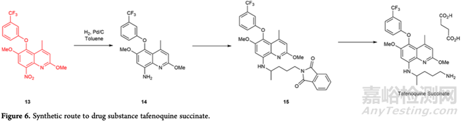 硝基喹哌13是合成抗瘧疾藥物物質(zhì)琥珀酸他非喹的中間體,也是14中的潛在雜質(zhì),如圖6所示。硝基喹嘧嘧喹13是一種ICH M7第2類突變原,在中間體14中經(jīng)常被該過程控制在1.15%以下?;赥TC的可接受限值是琥珀酸他非喹的400ppm,因此,13所需的清除量是中間體14中的29。
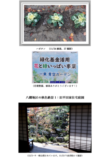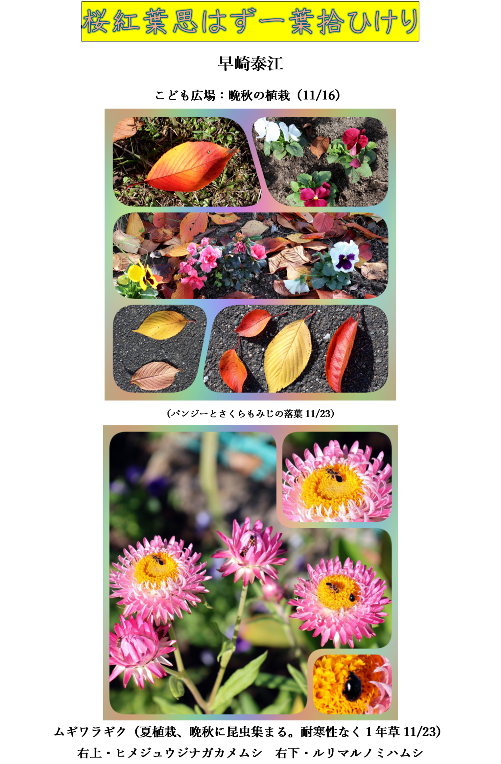 ■本文画像中のキーワード:#こども広場 #パンジービオラ #ムギワラギク #ヒメジュウジナガカメムシ #ルリマルノミハムシ #一東青空ガーデン #旧平田家住宅 #エノキ
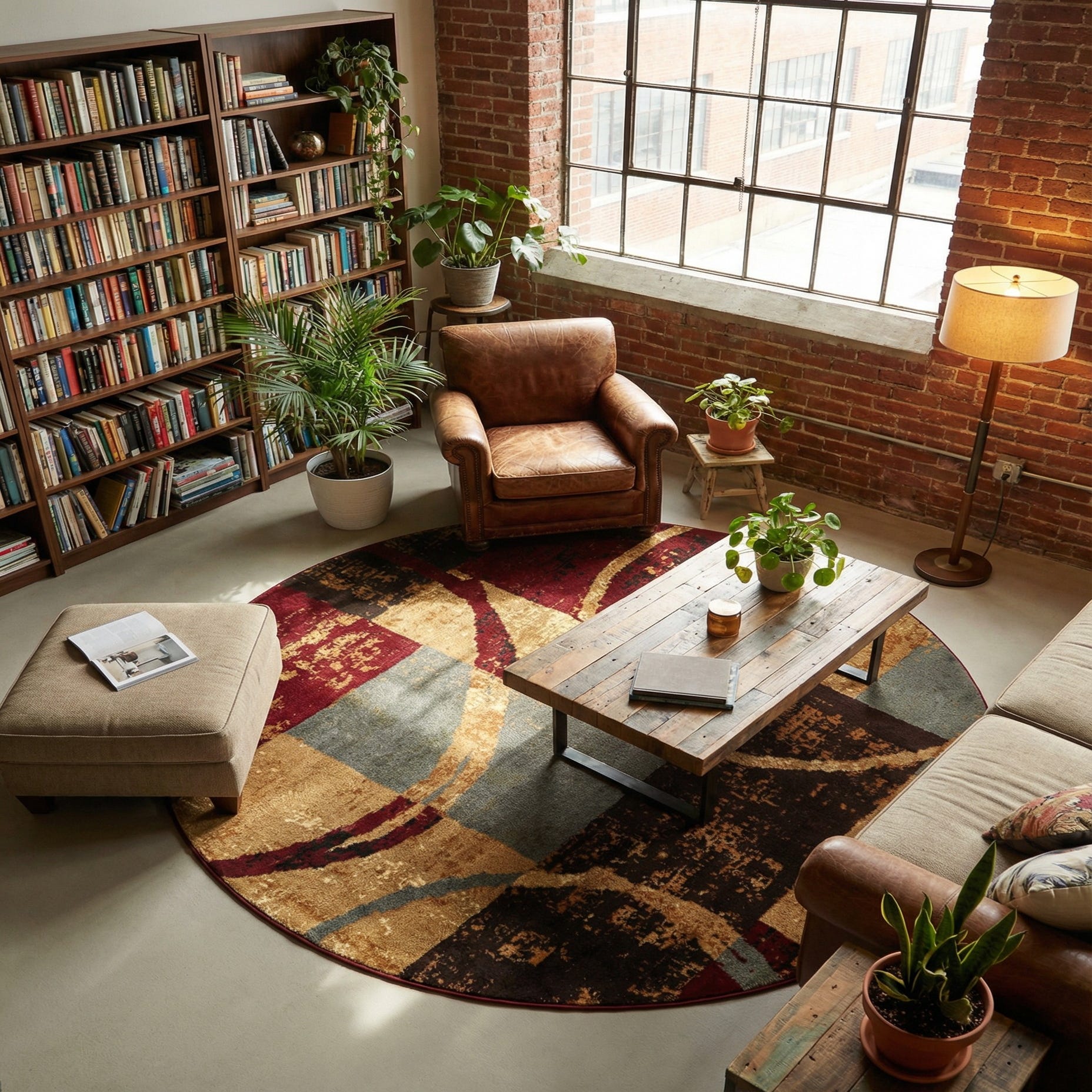 Machine-made from 100% polypropylene, the pile is low and even with a smooth, slightly dense hand that feels comfortable underfoot while maintaining crisp pattern definition. Place it beneath a round dining table to reinforce the shape of the room, use it to anchor a seating group with warm wood and leather furnishings, or set it in a home office or den to introduce color and movement without overwhelming other finishes. It pairs especially well with mid-century pieces, industrial metals, or neutral upholstery.
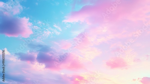 Bright sky with soft pastel tones blending from blue to pink at sunset
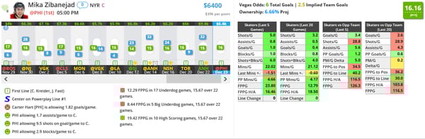 You get great shot volume for the price in Zibanejad tonight and he has a great matchup against a Flyers team that is giving up 3.4 goals a game over their last 5 games.
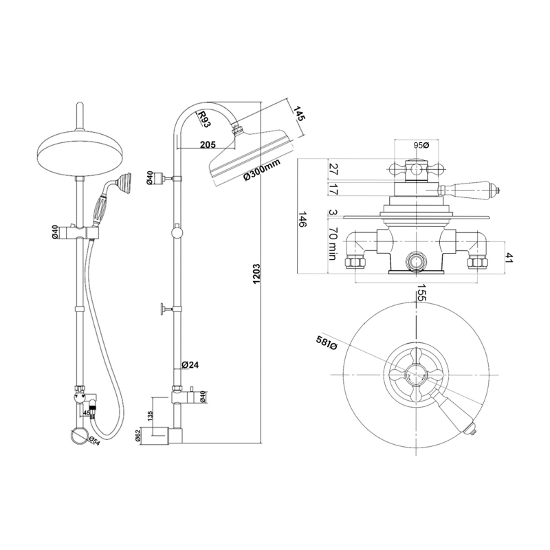 • Comes complete with Shower valve, Round shower head, Shower handset, Shower hose and Concealed elbow
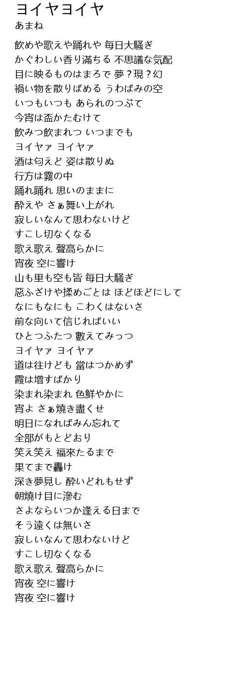 | [00:53.41] | ヨイヤァ ヨイヤァ |
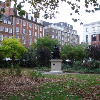 Queen Square is a garden square in Bloomsbury laid out with symmetrical paths, mature trees, and planted beds arranged around a central lawn. Georgian townhouses form a unified perimeter, creating an enclosed urban space that feels removed from the busy streets beyond.
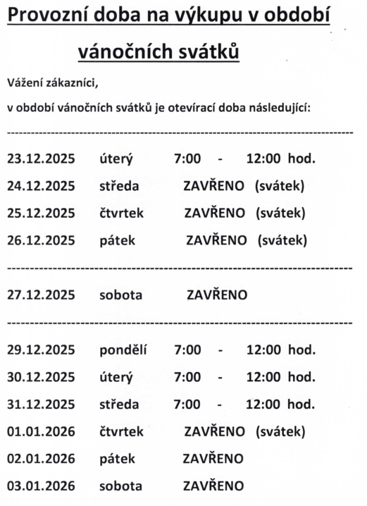 Provozní doba v období vánočních svátků 2025
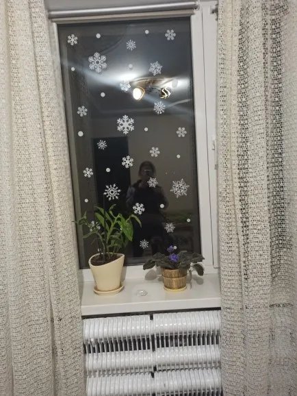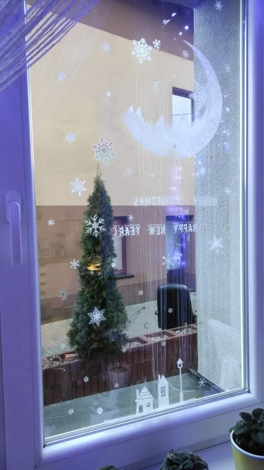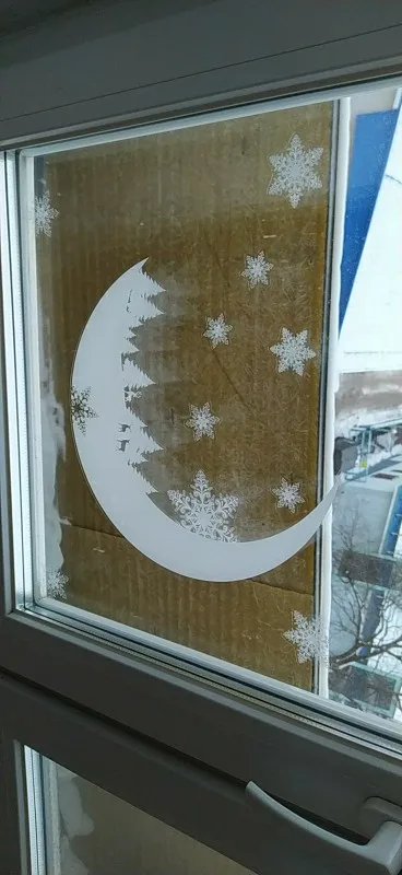 Наклейки соответствуют фото и описанию, но есть маленький минус-их плоховато видно, по сравнению с обычными вырезанными снежинками из бумаги. Клеятся очень просто, нарисовано в инструкции смочить водой с мылом, я попробовала приклеить ни чего не делая и они держатся очень крепко.
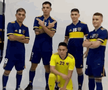 The Boca Juniors futsal team poses for a group photo in their blue and yellow uniforms.
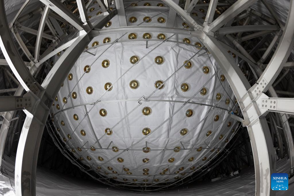 This photo taken on Dec. 17, 2024 shows the central detector of the Jiangmen Underground Neutrino Observatory (JUNO) in Jiangmen, south China's Guangdong Province. (Xinhua/Jin Liwang)
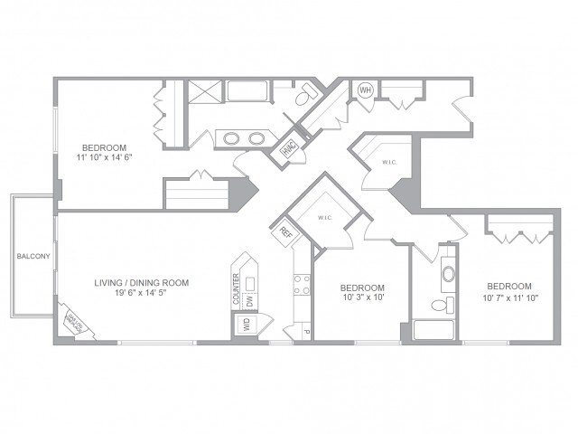 2BR/2BA - Floorplan 2 3 Bedrooms
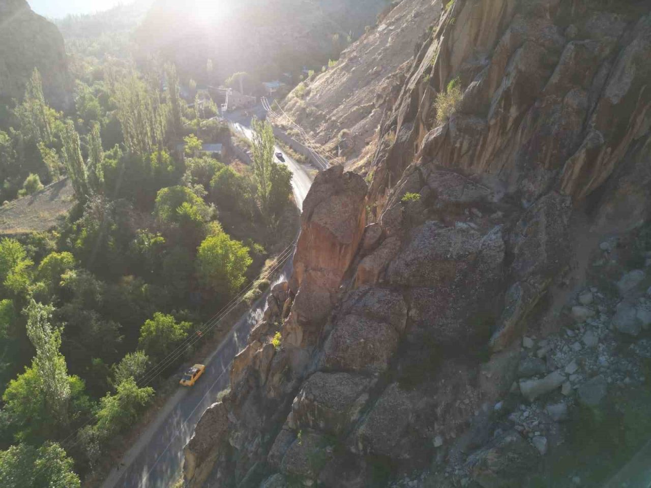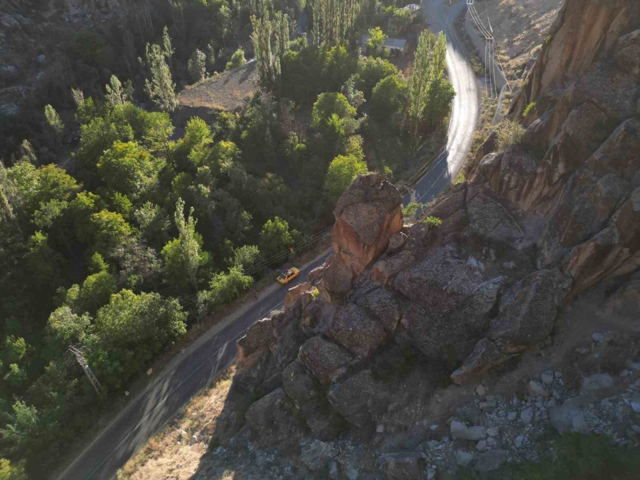 ERZURUM’UN UZUNDERE İLÇESİNE BAĞLI PEHLİVANLI MAHALLESİNDEN GEÇEN 7 KÖYÜN YOLU İLE BAZI VATANDAŞLARIN EV VE BAHÇELERİ, DAĞ YAMACINDAKİ DEV KAYALARIN TEHDİDİ ALTINDA. ÇATLAYAN VE KIRILAN KAYALAR HER AN DÜŞEBİLECEK DURUMDA BÜYÜK BİR TEHLİKE OLUŞTURUYOR.

● EXERCISE DESCRIPTION: The lines to copy exactly start with the line above that has "Наклейки соответствуют фото" and go on through the line that has "This photo taken"; please include both, add nothing else, and omit the pictures.

● EXERCISE RESULT:
 Наклейки соответствуют фото и описанию, но есть маленький минус-их плоховато видно, по сравнению с обычными вырезанными снежинками из бумаги. Клеятся очень просто, нарисовано в инструкции смочить водой с мылом, я попробовала приклеить ни чего не делая и они держатся очень крепко.
 The Boca Juniors futsal team poses for a group photo in their blue and yellow uniforms.
 This photo taken on Dec. 17, 2024 shows the central detector of the Jiangmen Underground Neutrino Observatory (JUNO) in Jiangmen, south China's Guangdong Province. (Xinhua/Jin Liwang)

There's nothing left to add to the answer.